# What to produce
Transcribe everything in the listing as written, and let no image into the copy.

# Recorded data
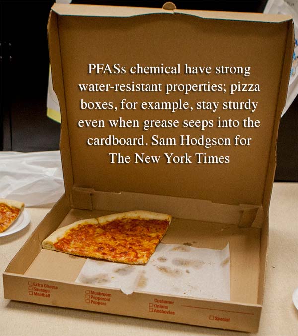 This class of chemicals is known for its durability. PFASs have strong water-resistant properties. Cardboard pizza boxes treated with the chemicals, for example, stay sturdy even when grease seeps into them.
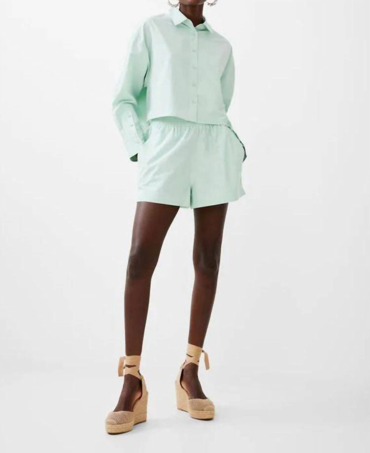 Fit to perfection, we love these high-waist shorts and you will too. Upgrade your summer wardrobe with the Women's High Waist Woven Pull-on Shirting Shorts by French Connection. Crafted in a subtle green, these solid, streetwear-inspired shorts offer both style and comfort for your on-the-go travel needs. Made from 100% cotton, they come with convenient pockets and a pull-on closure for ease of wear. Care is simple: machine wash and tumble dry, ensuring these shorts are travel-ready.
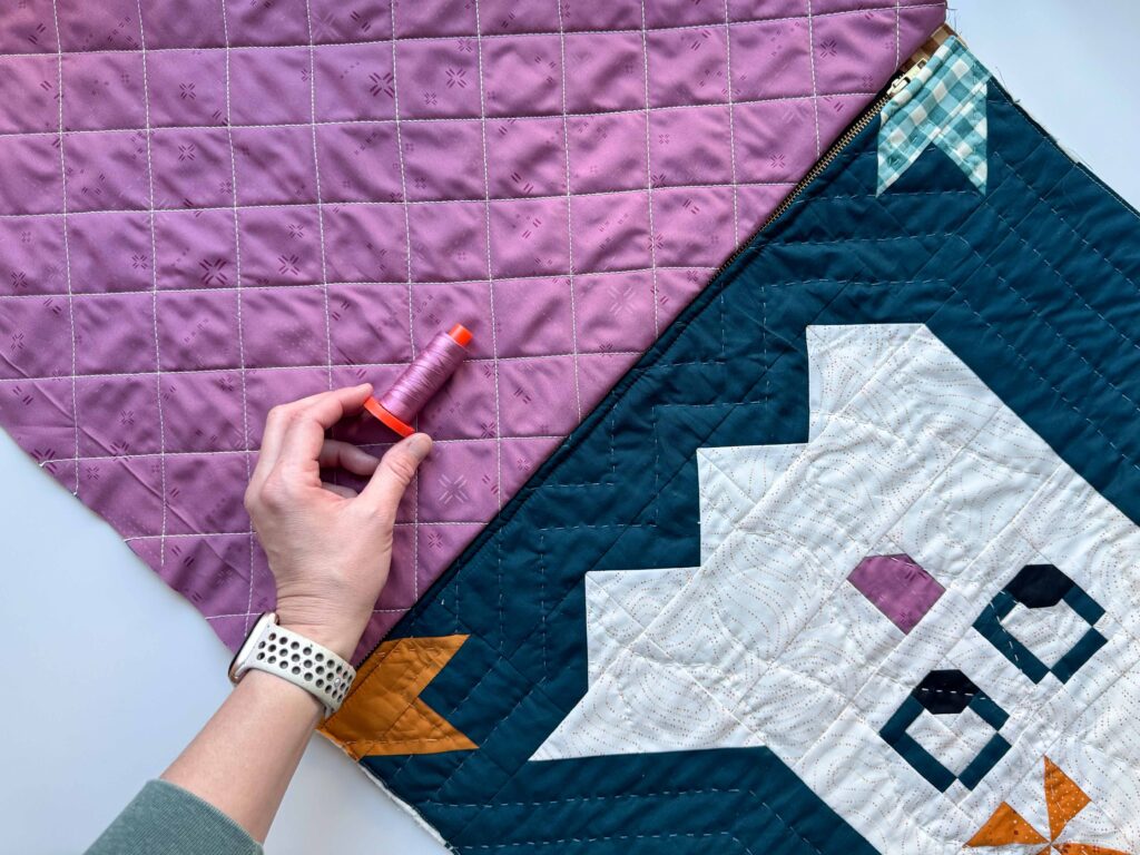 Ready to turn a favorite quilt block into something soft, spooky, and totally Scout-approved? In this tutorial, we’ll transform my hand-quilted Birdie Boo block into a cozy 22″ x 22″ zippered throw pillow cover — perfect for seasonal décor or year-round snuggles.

# Output for this exercise
 This class of chemicals is known for its durability. PFASs have strong water-resistant properties. Cardboard pizza boxes treated with the chemicals, for example, stay sturdy even when grease seeps into them.
 Fit to perfection, we love these high-waist shorts and you will too. Upgrade your summer wardrobe with the Women's High Waist Woven Pull-on Shirting Shorts by French Connection. Crafted in a subtle green, these solid, streetwear-inspired shorts offer both style and comfort for your on-the-go travel needs. Made from 100% cotton, they come with convenient pockets and a pull-on closure for ease of wear. Care is simple: machine wash and tumble dry, ensuring these shorts are travel-ready.
 Ready to turn a favorite quilt block into something soft, spooky, and totally Scout-approved? In this tutorial, we’ll transform my hand-quilted Birdie Boo block into a cozy 22″ x 22″ zippered throw pillow cover — perfect for seasonal décor or year-round snuggles.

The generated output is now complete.